▸ TASK ITEM
The result should hold only the lines from the one with "Stilingas ir minimalistinis" through the final line of the data below, transcribed exactly, pictures left out.

▸ SUPPLIED MATERIAL

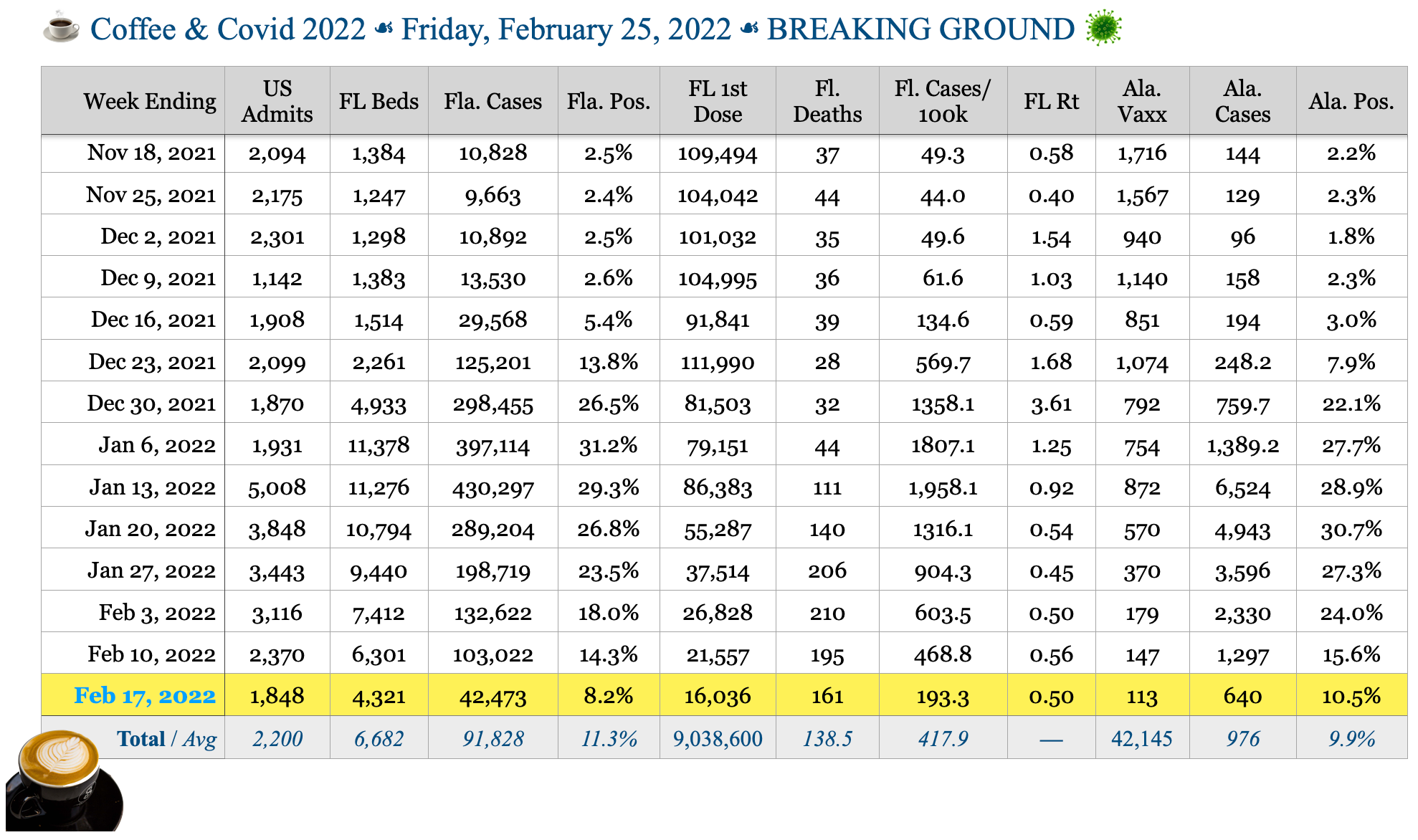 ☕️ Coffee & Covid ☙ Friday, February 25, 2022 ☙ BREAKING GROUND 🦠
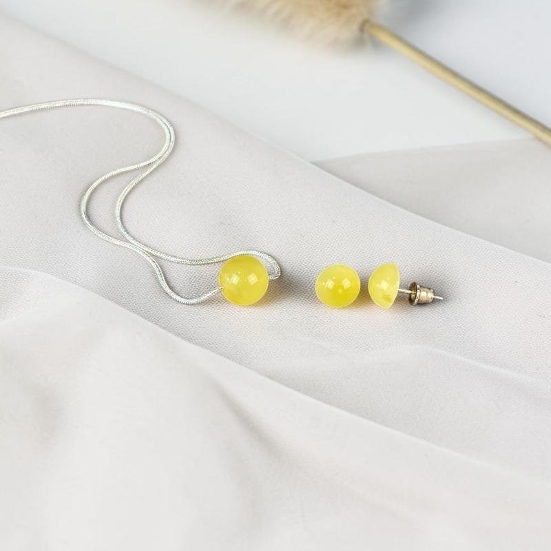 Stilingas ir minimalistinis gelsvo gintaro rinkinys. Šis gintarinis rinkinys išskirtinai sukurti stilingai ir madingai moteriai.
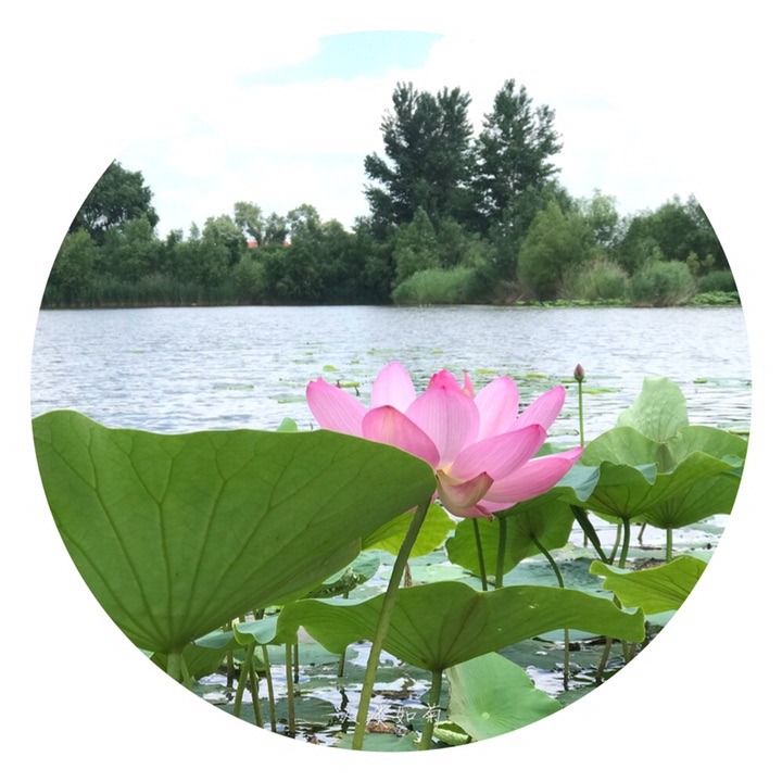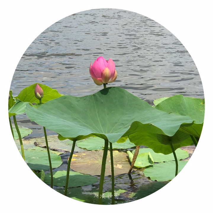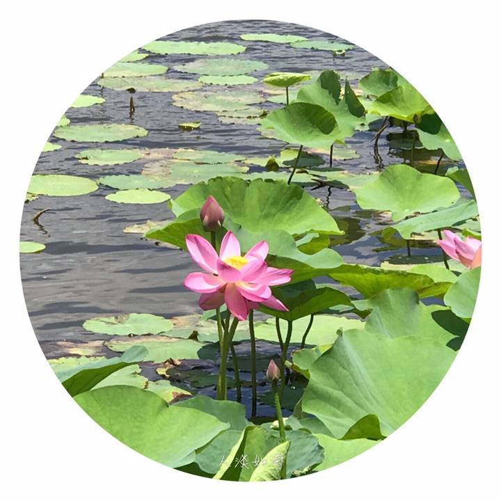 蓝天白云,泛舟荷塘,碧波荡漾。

▸ RESPONSE TO THIS TASK
 Stilingas ir minimalistinis gelsvo gintaro rinkinys. Šis gintarinis rinkinys išskirtinai sukurti stilingai ir madingai moteriai.
 蓝天白云,泛舟荷塘,碧波荡漾。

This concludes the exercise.